WHAT YOU HAVE TO DO —
Exactly reproduce the lines from the one holding "Smart OYOY kop" through the end of the records, including both boundary lines but no pictures.

┌──

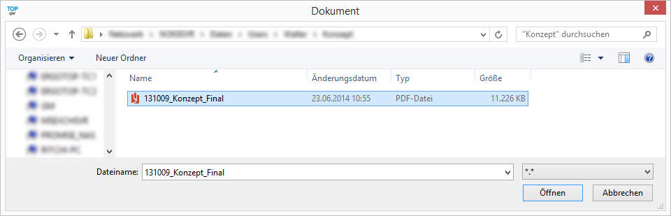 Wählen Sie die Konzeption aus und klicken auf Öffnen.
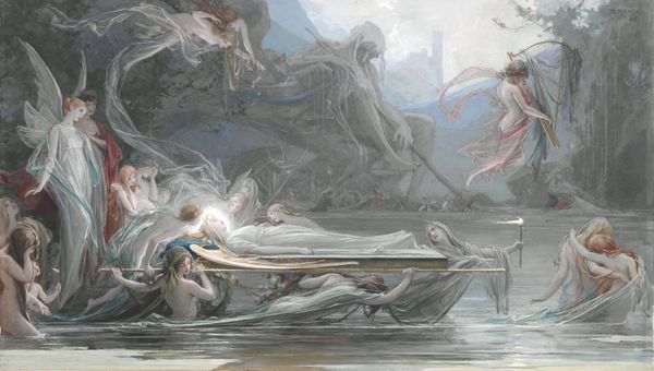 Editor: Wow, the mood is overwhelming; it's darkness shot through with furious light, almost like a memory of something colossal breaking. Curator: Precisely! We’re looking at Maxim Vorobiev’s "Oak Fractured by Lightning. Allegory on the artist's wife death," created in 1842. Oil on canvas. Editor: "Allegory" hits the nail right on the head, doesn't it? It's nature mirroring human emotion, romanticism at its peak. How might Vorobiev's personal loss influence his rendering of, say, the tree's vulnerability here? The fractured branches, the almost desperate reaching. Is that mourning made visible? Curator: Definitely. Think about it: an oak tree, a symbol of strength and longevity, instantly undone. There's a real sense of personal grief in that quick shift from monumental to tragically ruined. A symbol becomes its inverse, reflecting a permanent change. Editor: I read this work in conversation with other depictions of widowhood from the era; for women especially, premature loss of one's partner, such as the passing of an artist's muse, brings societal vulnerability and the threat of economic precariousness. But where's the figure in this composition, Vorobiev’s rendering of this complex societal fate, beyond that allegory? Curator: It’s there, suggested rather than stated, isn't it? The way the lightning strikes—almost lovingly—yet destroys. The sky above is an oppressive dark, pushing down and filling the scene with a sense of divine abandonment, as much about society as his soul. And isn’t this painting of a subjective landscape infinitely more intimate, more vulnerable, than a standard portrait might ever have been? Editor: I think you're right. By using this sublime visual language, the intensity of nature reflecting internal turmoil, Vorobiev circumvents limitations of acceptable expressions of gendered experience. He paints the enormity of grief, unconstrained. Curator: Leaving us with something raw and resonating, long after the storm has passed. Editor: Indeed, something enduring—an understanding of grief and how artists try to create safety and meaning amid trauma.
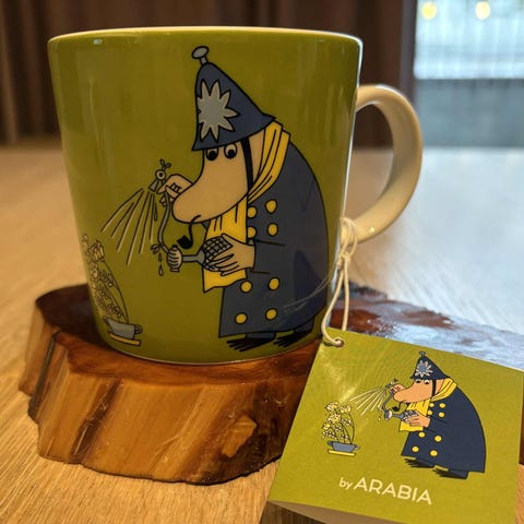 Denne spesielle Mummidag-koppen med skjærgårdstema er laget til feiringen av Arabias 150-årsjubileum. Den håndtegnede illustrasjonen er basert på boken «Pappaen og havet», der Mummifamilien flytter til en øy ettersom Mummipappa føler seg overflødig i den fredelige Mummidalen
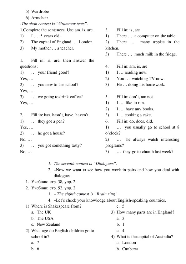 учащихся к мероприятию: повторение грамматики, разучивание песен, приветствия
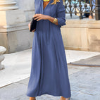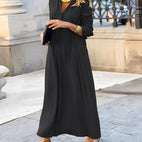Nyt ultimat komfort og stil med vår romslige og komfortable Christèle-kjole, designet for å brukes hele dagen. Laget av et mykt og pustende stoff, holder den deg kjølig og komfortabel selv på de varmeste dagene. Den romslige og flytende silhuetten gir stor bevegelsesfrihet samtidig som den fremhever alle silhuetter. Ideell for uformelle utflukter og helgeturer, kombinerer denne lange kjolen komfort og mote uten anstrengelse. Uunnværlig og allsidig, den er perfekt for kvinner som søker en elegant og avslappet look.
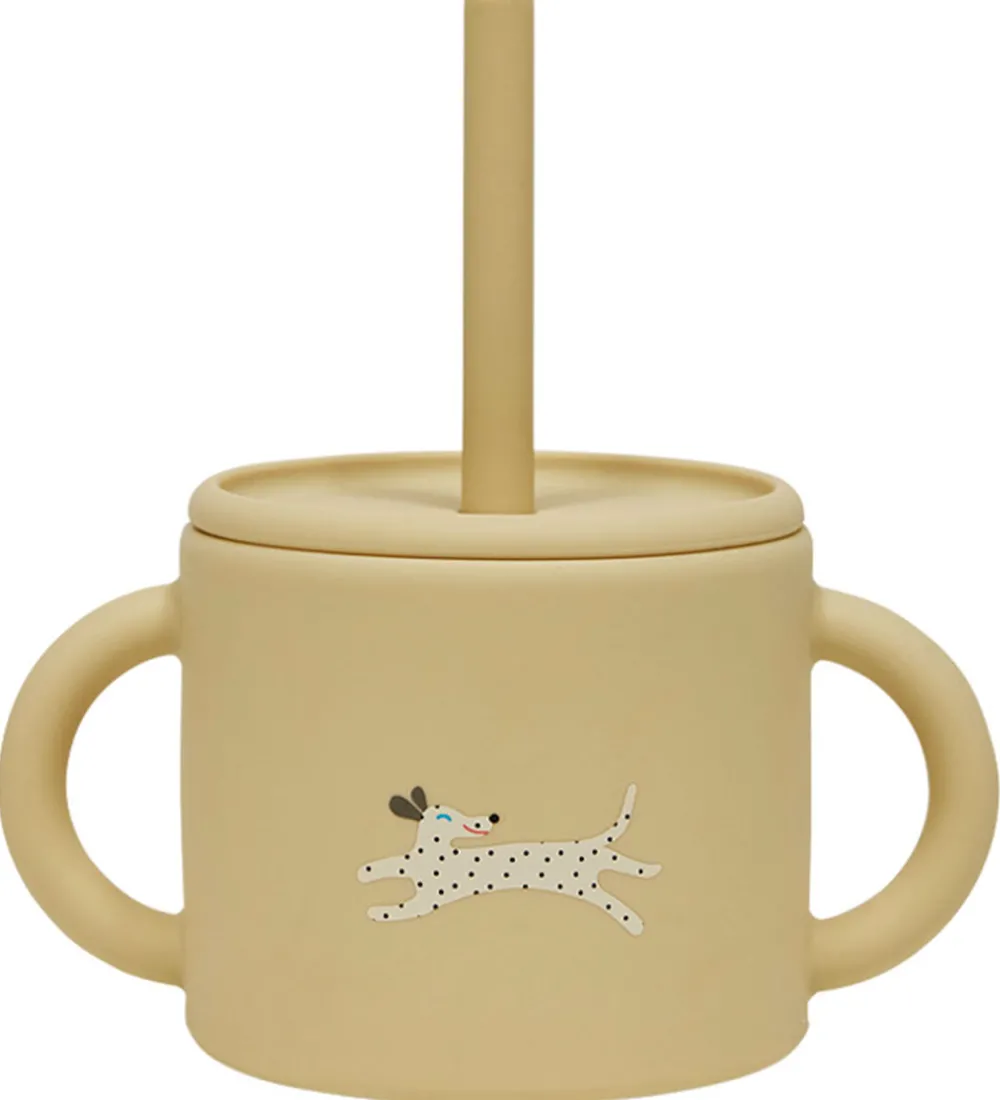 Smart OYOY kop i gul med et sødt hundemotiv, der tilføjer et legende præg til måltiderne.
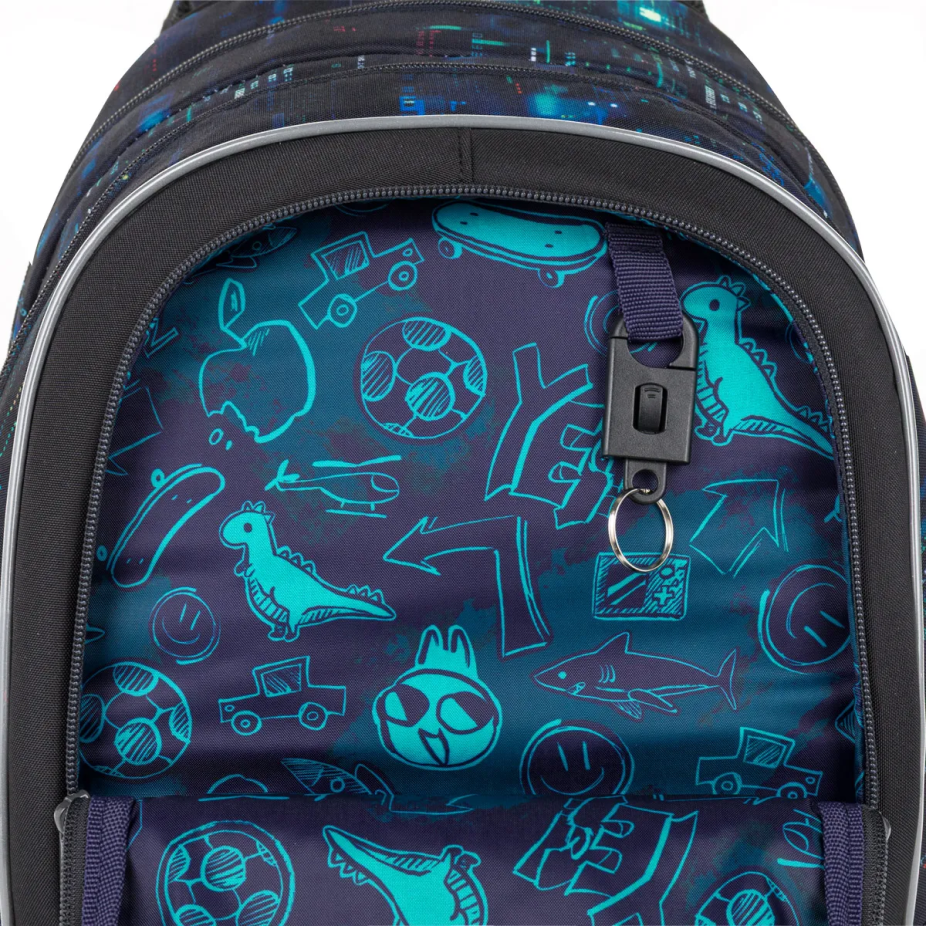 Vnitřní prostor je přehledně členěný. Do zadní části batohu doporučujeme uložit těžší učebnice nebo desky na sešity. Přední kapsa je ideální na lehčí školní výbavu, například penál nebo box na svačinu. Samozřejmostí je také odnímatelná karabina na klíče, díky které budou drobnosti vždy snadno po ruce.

└──

RESULT —
 Smart OYOY kop i gul med et sødt hundemotiv, der tilføjer et legende præg til måltiderne.
 Vnitřní prostor je přehledně členěný. Do zadní části batohu doporučujeme uložit těžší učebnice nebo desky na sešity. Přední kapsa je ideální na lehčí školní výbavu, například penál nebo box na svačinu. Samozřejmostí je také odnímatelná karabina na klíče, díky které budou drobnosti vždy snadno po ruce.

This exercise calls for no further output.